Pheme (unit of language) vs Rheme (unit of speech)



Discussion Questions

1. does a not pure behabitives need emotions.. vs an explicit performative.. pg 83

pg. 88
Pure Explicit Performatives: Not Pure Explicit Performatives:
1) I forecast, predict 1) I foresee, expect, anticipate
2) I endorse, assent to 2) I agree with that opinion
3) I question whether it is so 3) I wonder whether it is so

What differences and variations did you notice between these performatives? Distinguishing
characteristics?

2. p. 97 Can we perform a rhetic act without referring or without naming ? does a rhetic act
need to contain both a phonetic and phatic act?
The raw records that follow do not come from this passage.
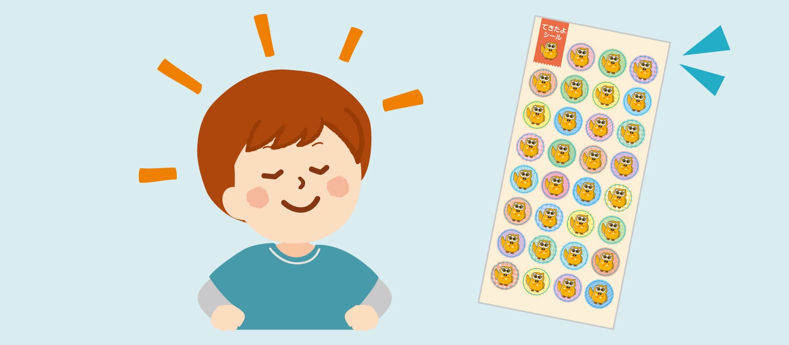 シールや表彰状など、お子さまの「がんばり」をカタチにして、ほめるシステムを用意。保護者の方向けの「準備とアドバイス」や、「がんばりポイント申請」には、お子さまをほめるポイントを多数例示しています。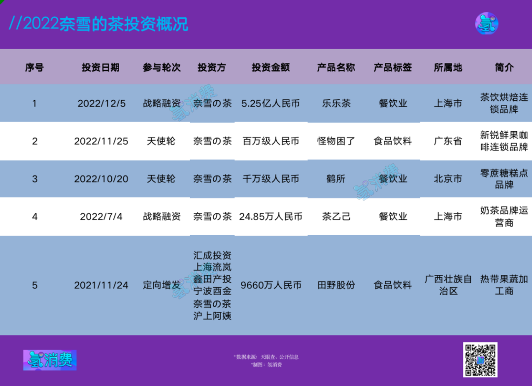 新锐鲜果咖啡连锁品牌“怪物困了”、零蔗糖糕点品牌“鹤所”、奶茶品牌运营商“茶乙己”、热带果蔬加工商“田野股份”,均在奈雪今年的射程范围内。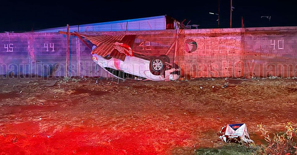 Tráiler volcado en uno de sus costados en el Puente Tampico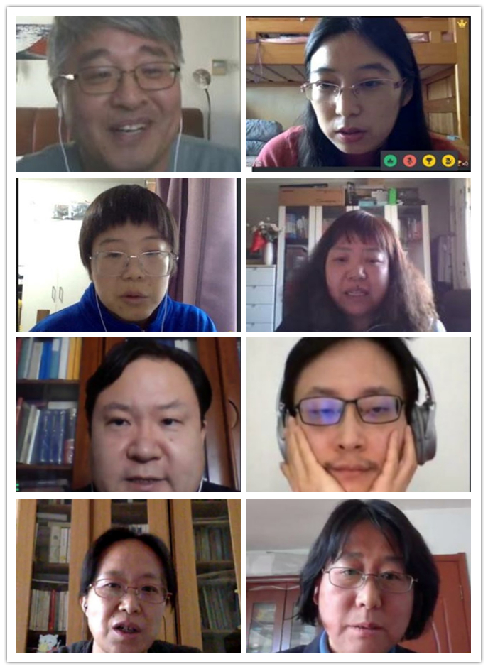 大学英语教研室和研公英教研室的几位老师交流了组织全校公共英语课程在线教学的体会。马小琦老师介绍了大英教研室外教的远程授课情况。特殊时期,许多外教身处国外,克服时差和技术的困难,通过Canvas、微信群、邮件等各种途径兢兢业业地授课、辅导,此外还随时与学生分享图片、视频,介绍所在国风土人情和文化习俗,可谓意外收获。许娅老师分享了她收集的学生对线上教学方式和考核方式的意见反馈。王爱华老师讲述了她使用Zoom直播平台授课的心得。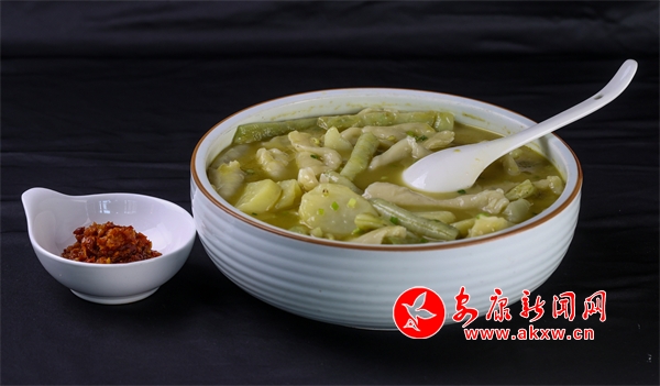 “甜酒火燒饃”,是石泉縣幾代人美食智慧的積累,傳承至今,是深受人們喜愛的小吃。它是采用古老傳統老酵面加甜酒發面,將老酵面、甜酒加入溫水后,再加入面粉一起攪拌均勻后再揉面。把面團揉制光亮后放置幾小時待其自然發酵。等到面團成發泡蜂窩狀態,才可以開始將面團做成圓形,在用搟面杖搟薄圓形面團放入柴火灶鍋中,撒上芝麻,小火炕制一面黃在翻面炕制兩面色澤金黃。吃進嘴里有小麥淡淡的清香味,也有甜酒的甜香味,回味無窮。杜光發制作的這道小吃獲得安康市2024年“安康味道”名小吃。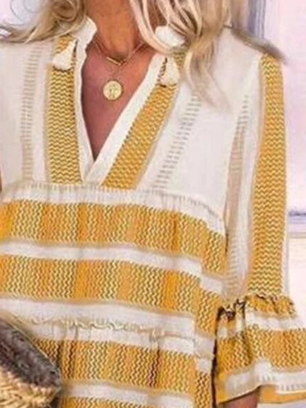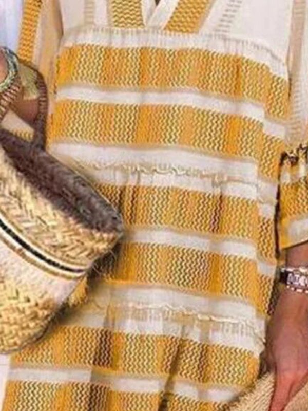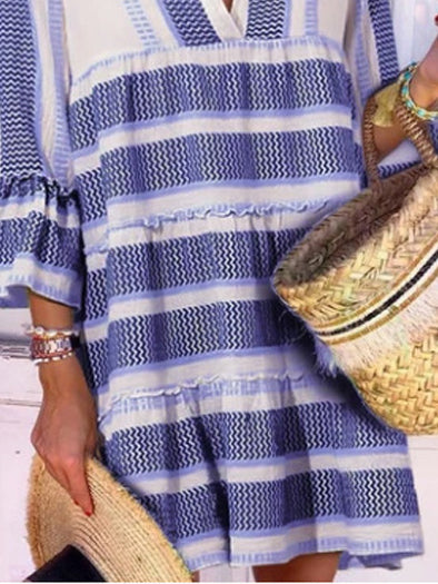 Casual Stripes V Neck 3/4 Sleeve Mini Dress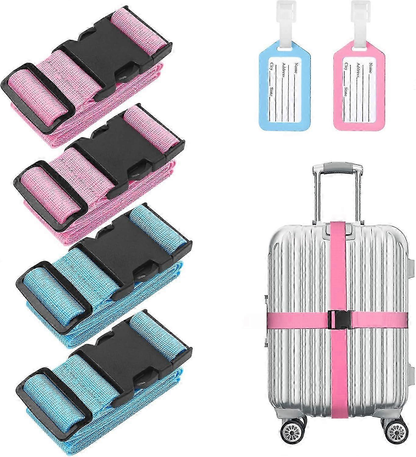 Flintronic 4-Piece Premium Luggage Strap, Suitcase Strap, Adjustable Non-Slip Luggage Band, Long Luggage Straps + 2 Luggage Tags, Secure Travel for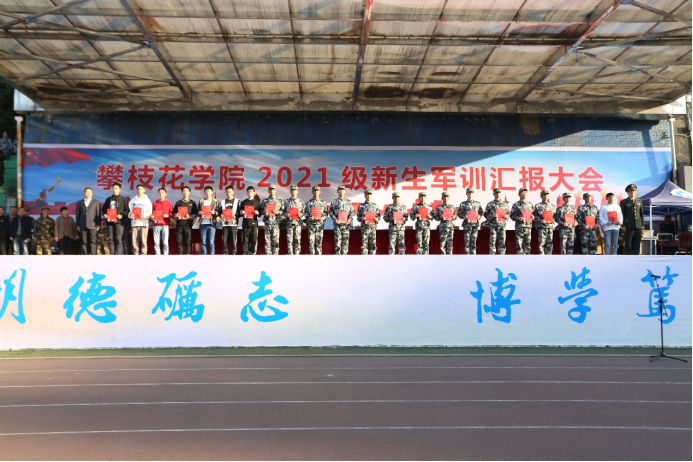 1月7日下午,我校2021级新生军训汇报大会在田径运动场隆重举行。校党委副书记胥刚、东区武装部上校部长康贺卫出席大会,学校相关职能部门负责人、各二级学院书记、分管学生工作领导、学生科科长、新生辅导员、志愿者、医生,以及2021级新生全体参训学员参加大会。大会由学工部部长周传兴主持。
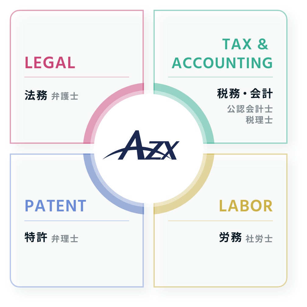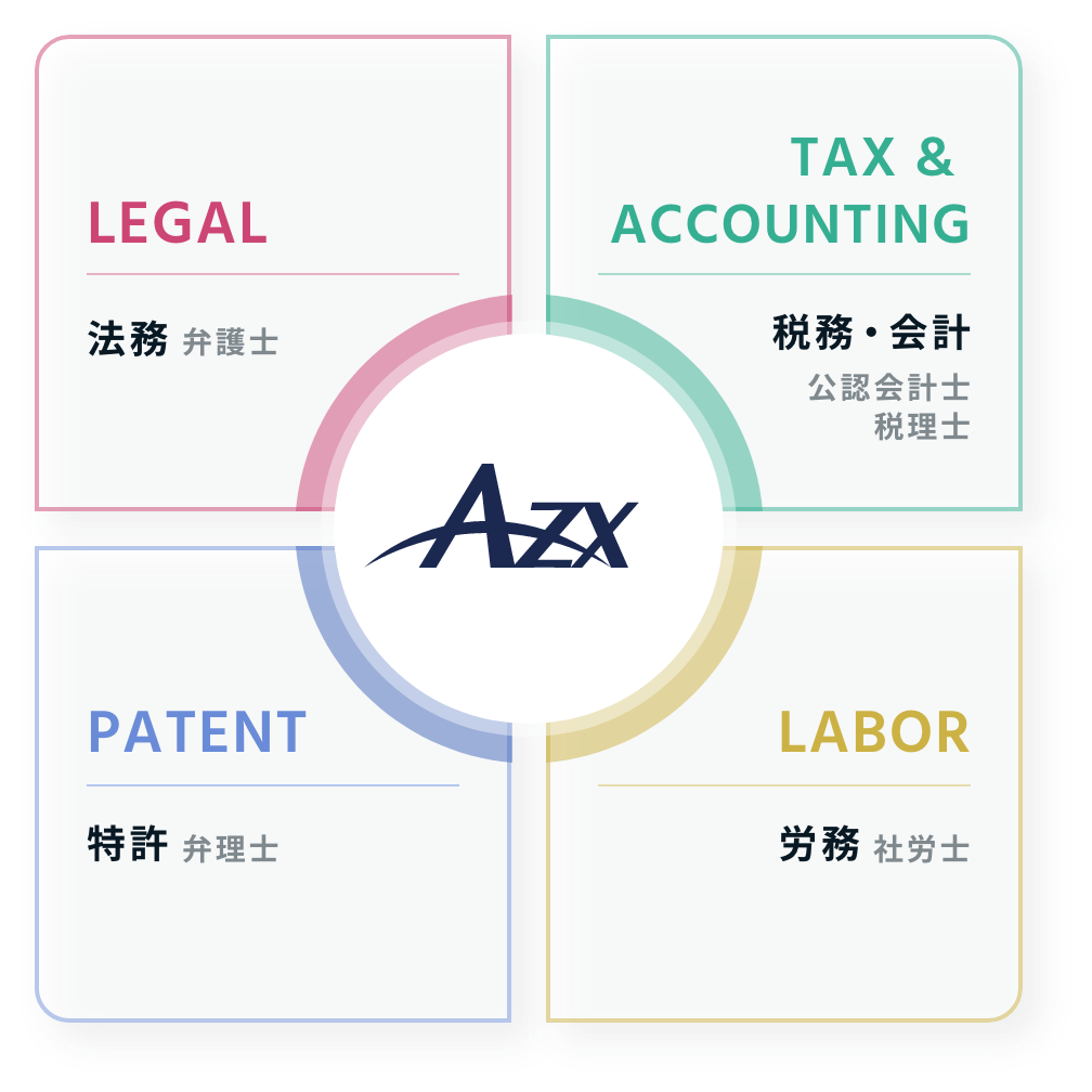 AZX総合法律事務所 / AZX総合会計事務所 / AZX国際特許事務所 / AZX社会保険労務士事務所 / AZX Group株式会社 / AZXビジネスサポート株式会社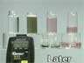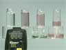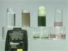 Four vials contain sodium potassium tartrate solutions in hydrogen peroxide
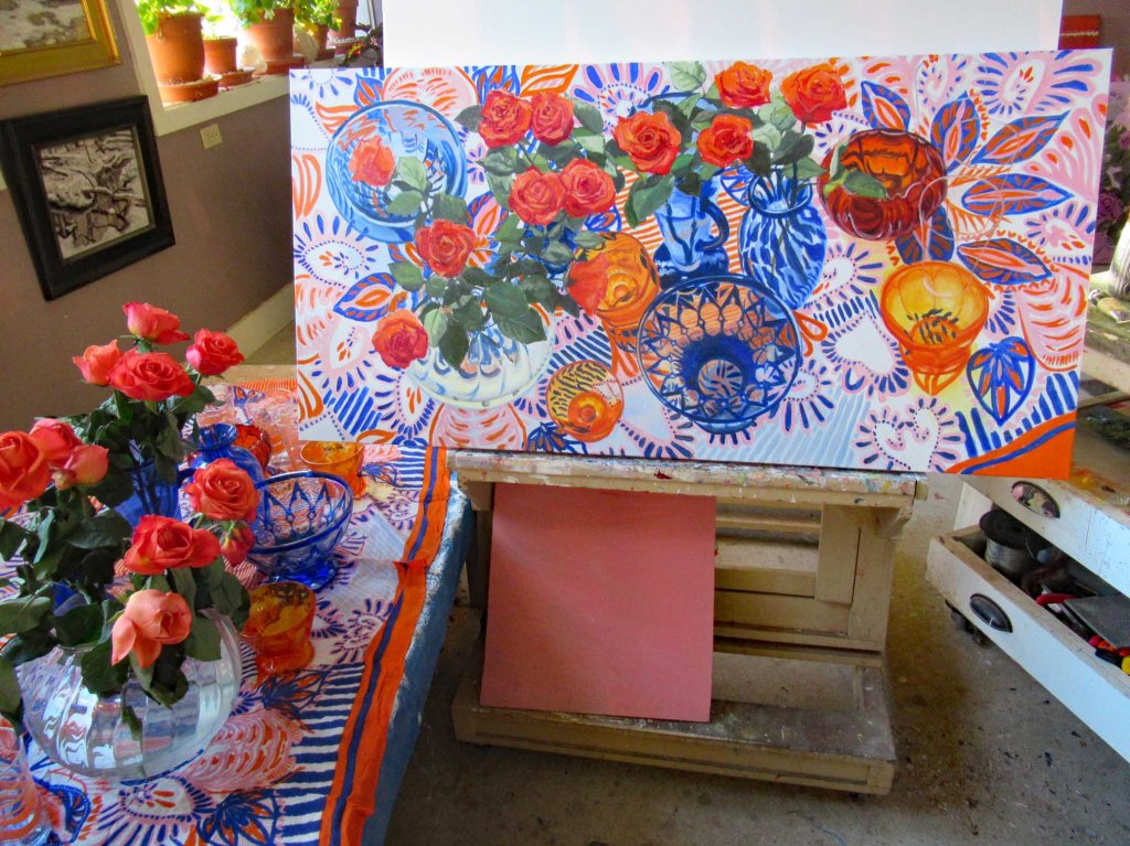 Mostly I worked on the tablecloth today, touching up details here and there. My next conentration will be in the upper right area where there will be 3 glasses. I had to paint in the background first and let it dry. Tomorrow I’ll paint the backsides of the glasses designs — if it’s dry enough to work over. Once that’s dry I’ll paint the front designs. Oh — and I think there’s another glass over on the left side somewhere. My eyeballs are falling out!

3. p. 92 When we issue any utterance whatsoever, are not doing something? Certainty
the ways in which we talk about action are liable here, as elsewhere, to be confusing
4. p. 98 Rheme vs. pheme.
A. Discuss the difference between speech and language?
B. Which does IBMs Watson use in Jeopardy?
C. Is one or the other used in intelligence speech?

5. Where does the distinction between illocution and perlocution occur?
For example, if I were to warn someone of something, at what point does my illocution, my
argument or speech, become a perlocution, that is, at what point would I have convinced
them? Since persuasion is so different for different people ( both the convincer and the
person to be convinced )
What factors affect the distinction between perlocution and illocution?
Since it is a spectrum, can it ever be programmed?